## TASK OBJECTIVE
All the data should be repeated exactly. Any image in it is left out.
========
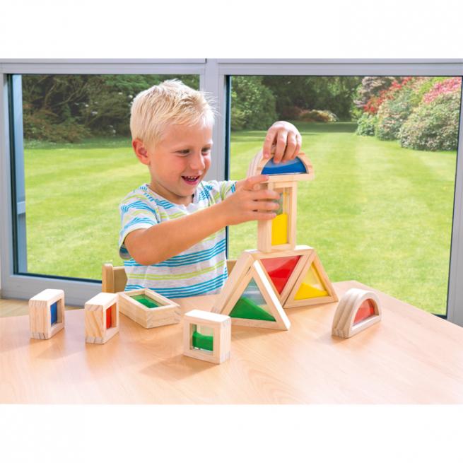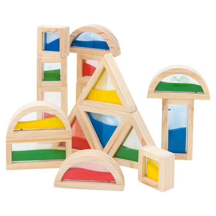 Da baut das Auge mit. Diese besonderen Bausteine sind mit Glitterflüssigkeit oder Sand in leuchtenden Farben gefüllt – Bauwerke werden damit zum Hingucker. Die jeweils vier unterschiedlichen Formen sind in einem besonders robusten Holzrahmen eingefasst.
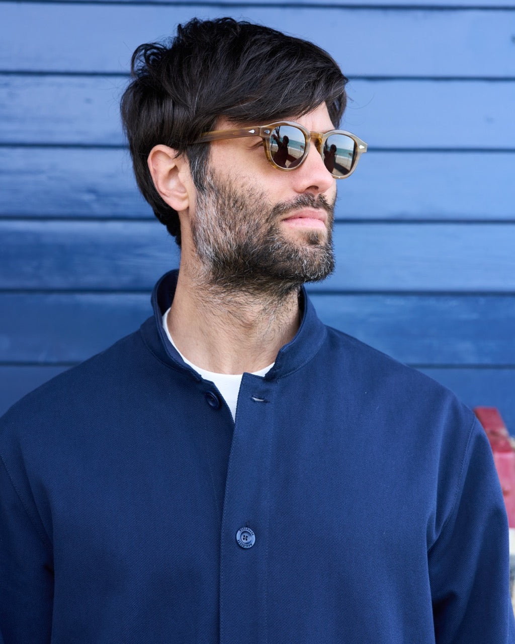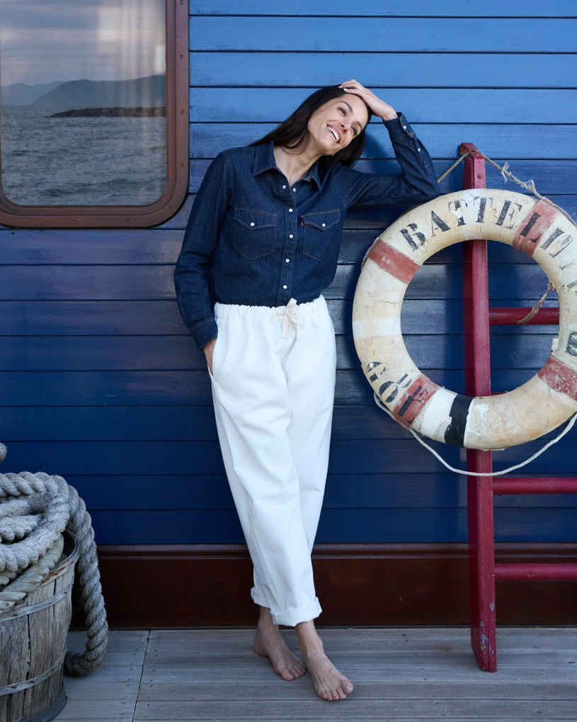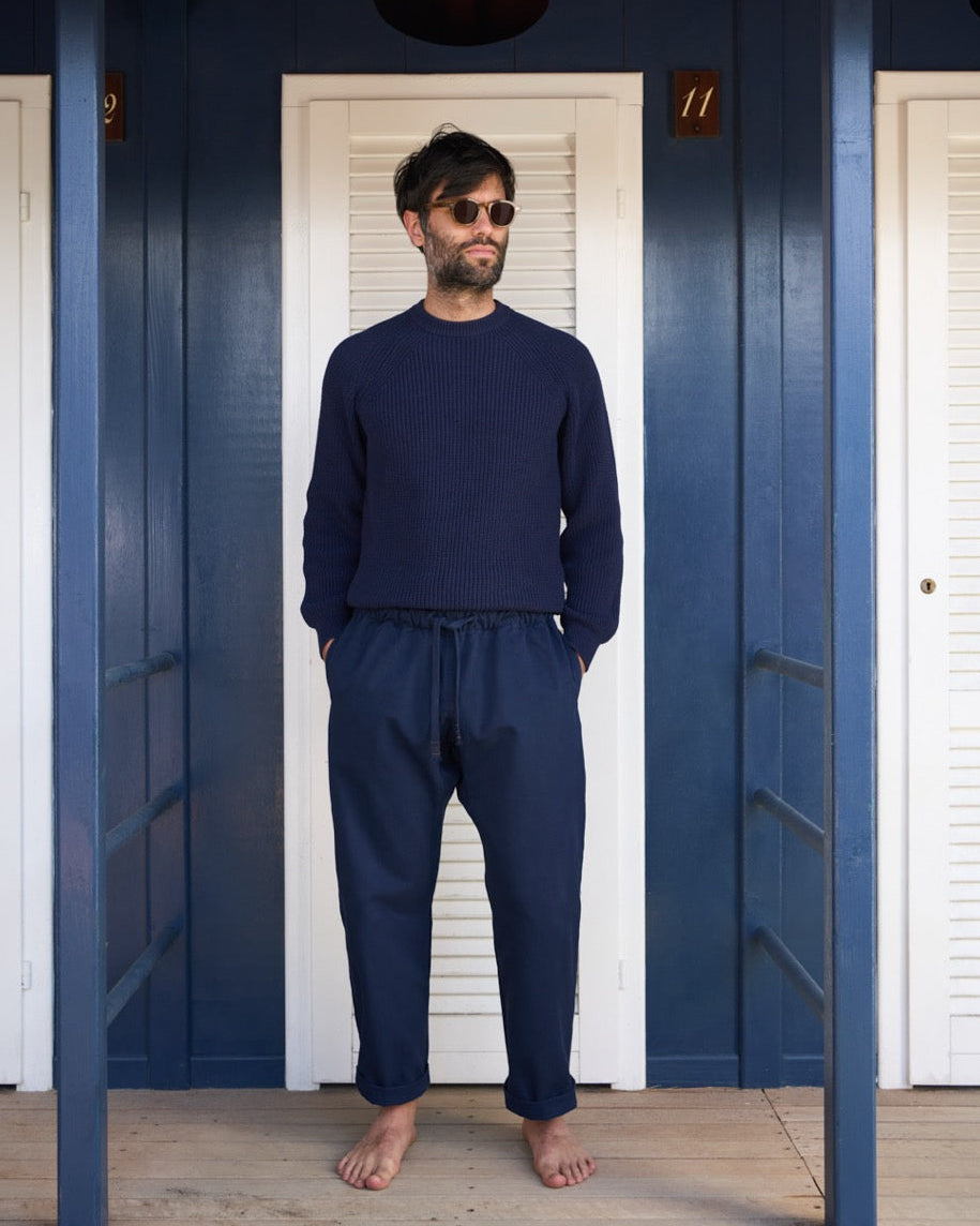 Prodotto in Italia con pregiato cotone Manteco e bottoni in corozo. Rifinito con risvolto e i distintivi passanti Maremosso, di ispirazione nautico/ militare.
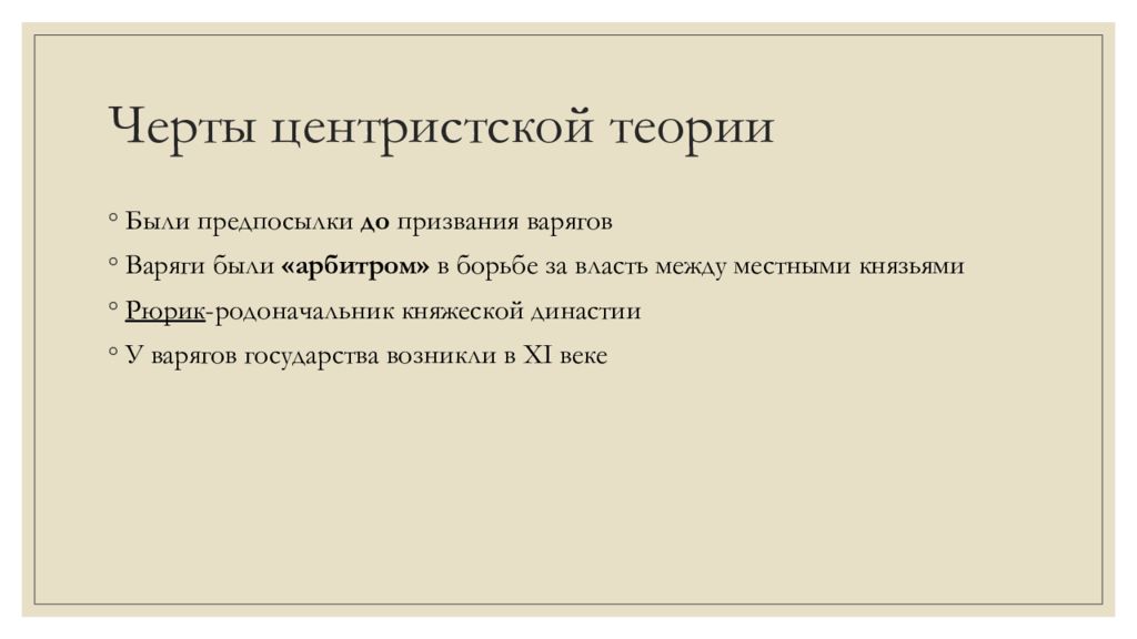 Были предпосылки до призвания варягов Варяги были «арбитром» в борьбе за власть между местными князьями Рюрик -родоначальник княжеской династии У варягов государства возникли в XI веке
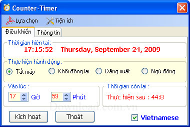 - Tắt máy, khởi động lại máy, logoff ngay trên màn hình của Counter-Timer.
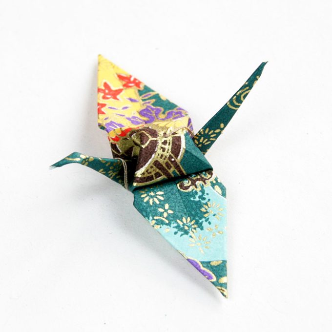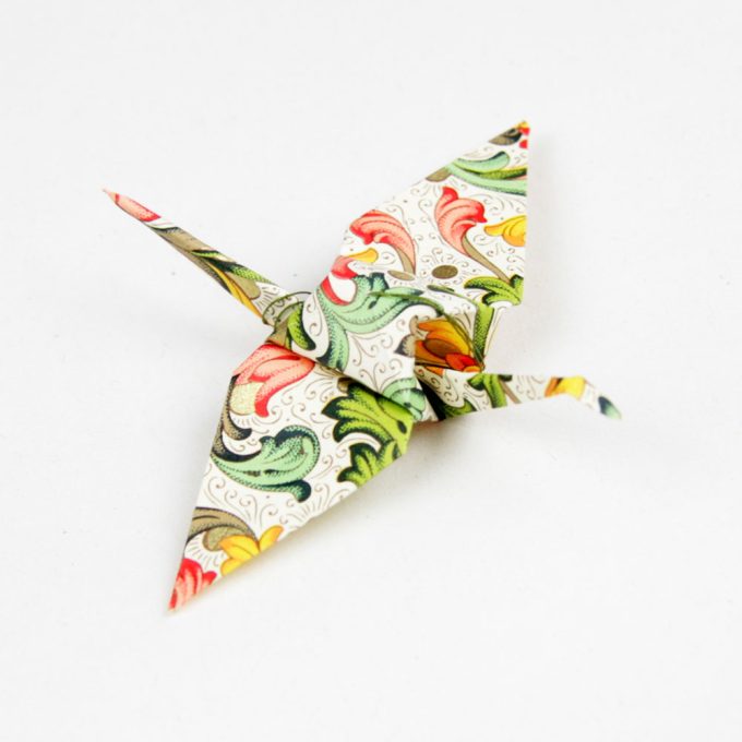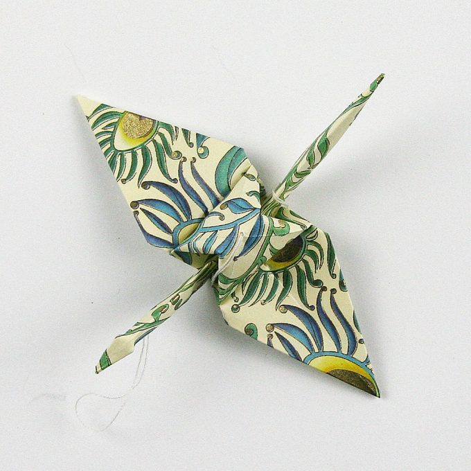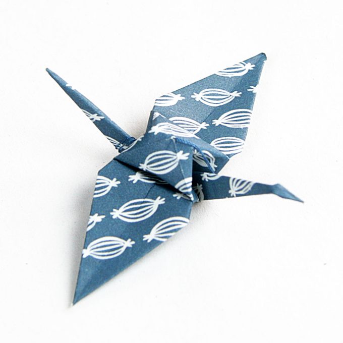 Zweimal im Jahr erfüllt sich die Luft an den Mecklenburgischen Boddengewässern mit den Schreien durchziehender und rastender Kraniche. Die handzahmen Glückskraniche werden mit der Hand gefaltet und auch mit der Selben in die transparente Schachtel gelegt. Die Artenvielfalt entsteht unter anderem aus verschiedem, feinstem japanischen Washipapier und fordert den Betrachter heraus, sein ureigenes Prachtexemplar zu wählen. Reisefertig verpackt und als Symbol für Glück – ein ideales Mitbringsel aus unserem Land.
========
## ANSWER SECTION
 Da baut das Auge mit. Diese besonderen Bausteine sind mit Glitterflüssigkeit oder Sand in leuchtenden Farben gefüllt – Bauwerke werden damit zum Hingucker. Die jeweils vier unterschiedlichen Formen sind in einem besonders robusten Holzrahmen eingefasst.
 Prodotto in Italia con pregiato cotone Manteco e bottoni in corozo. Rifinito con risvolto e i distintivi passanti Maremosso, di ispirazione nautico/ militare.
 Были предпосылки до призвания варягов Варяги были «арбитром» в борьбе за власть между местными князьями Рюрик -родоначальник княжеской династии У варягов государства возникли в XI веке
 - Tắt máy, khởi động lại máy, logoff ngay trên màn hình của Counter-Timer.
 Zweimal im Jahr erfüllt sich die Luft an den Mecklenburgischen Boddengewässern mit den Schreien durchziehender und rastender Kraniche. Die handzahmen Glückskraniche werden mit der Hand gefaltet und auch mit der Selben in die transparente Schachtel gelegt. Die Artenvielfalt entsteht unter anderem aus verschiedem, feinstem japanischen Washipapier und fordert den Betrachter heraus, sein ureigenes Prachtexemplar zu wählen. Reisefertig verpackt und als Symbol für Glück – ein ideales Mitbringsel aus unserem Land.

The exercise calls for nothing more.